--- Dataset excerpt Enclosed Below ---

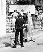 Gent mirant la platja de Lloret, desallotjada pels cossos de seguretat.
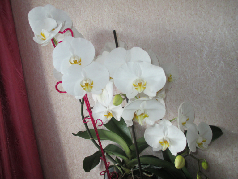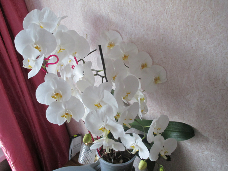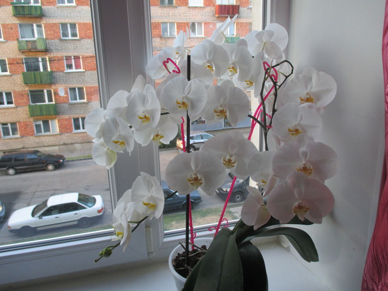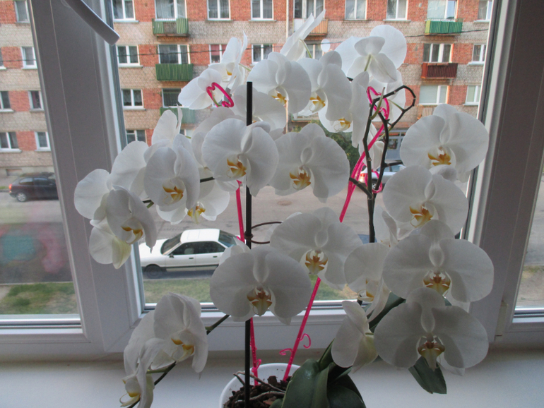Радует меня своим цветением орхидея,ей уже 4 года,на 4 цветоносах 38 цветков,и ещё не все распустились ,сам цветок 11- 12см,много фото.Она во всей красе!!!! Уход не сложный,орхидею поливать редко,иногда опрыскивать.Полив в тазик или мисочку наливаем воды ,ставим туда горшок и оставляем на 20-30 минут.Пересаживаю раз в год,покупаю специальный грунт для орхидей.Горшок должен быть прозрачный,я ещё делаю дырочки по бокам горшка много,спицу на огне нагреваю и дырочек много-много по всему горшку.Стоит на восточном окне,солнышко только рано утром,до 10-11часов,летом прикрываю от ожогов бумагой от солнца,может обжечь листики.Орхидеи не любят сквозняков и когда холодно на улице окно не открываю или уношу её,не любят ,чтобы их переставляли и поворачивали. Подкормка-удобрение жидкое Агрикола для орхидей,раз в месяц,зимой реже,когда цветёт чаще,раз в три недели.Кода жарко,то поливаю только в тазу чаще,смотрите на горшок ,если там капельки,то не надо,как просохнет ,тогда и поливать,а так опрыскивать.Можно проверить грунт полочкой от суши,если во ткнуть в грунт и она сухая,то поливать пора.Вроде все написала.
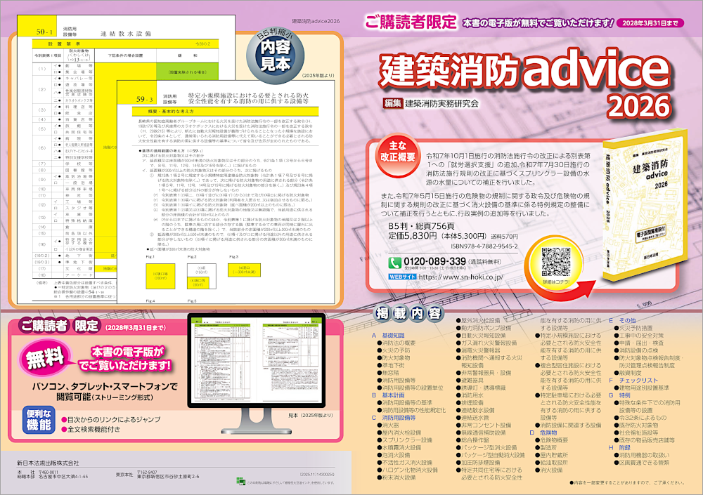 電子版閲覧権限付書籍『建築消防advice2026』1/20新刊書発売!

--- End of Enclosed Dataset excerpt ---

* How to complete this task
Leaving each image aside, repeat the listing above exactly.

* Problem solution
 Gent mirant la platja de Lloret, desallotjada pels cossos de seguretat.
Радует меня своим цветением орхидея,ей уже 4 года,на 4 цветоносах 38 цветков,и ещё не все распустились ,сам цветок 11- 12см,много фото.Она во всей красе!!!! Уход не сложный,орхидею поливать редко,иногда опрыскивать.Полив в тазик или мисочку наливаем воды ,ставим туда горшок и оставляем на 20-30 минут.Пересаживаю раз в год,покупаю специальный грунт для орхидей.Горшок должен быть прозрачный,я ещё делаю дырочки по бокам горшка много,спицу на огне нагреваю и дырочек много-много по всему горшку.Стоит на восточном окне,солнышко только рано утром,до 10-11часов,летом прикрываю от ожогов бумагой от солнца,может обжечь листики.Орхидеи не любят сквозняков и когда холодно на улице окно не открываю или уношу её,не любят ,чтобы их переставляли и поворачивали. Подкормка-удобрение жидкое Агрикола для орхидей,раз в месяц,зимой реже,когда цветёт чаще,раз в три недели.Кода жарко,то поливаю только в тазу чаще,смотрите на горшок ,если там капельки,то не надо,как просохнет ,тогда и поливать,а так опрыскивать.Можно проверить грунт полочкой от суши,если во ткнуть в грунт и она сухая,то поливать пора.Вроде все написала.
 電子版閲覧権限付書籍『建築消防advice2026』1/20新刊書発売!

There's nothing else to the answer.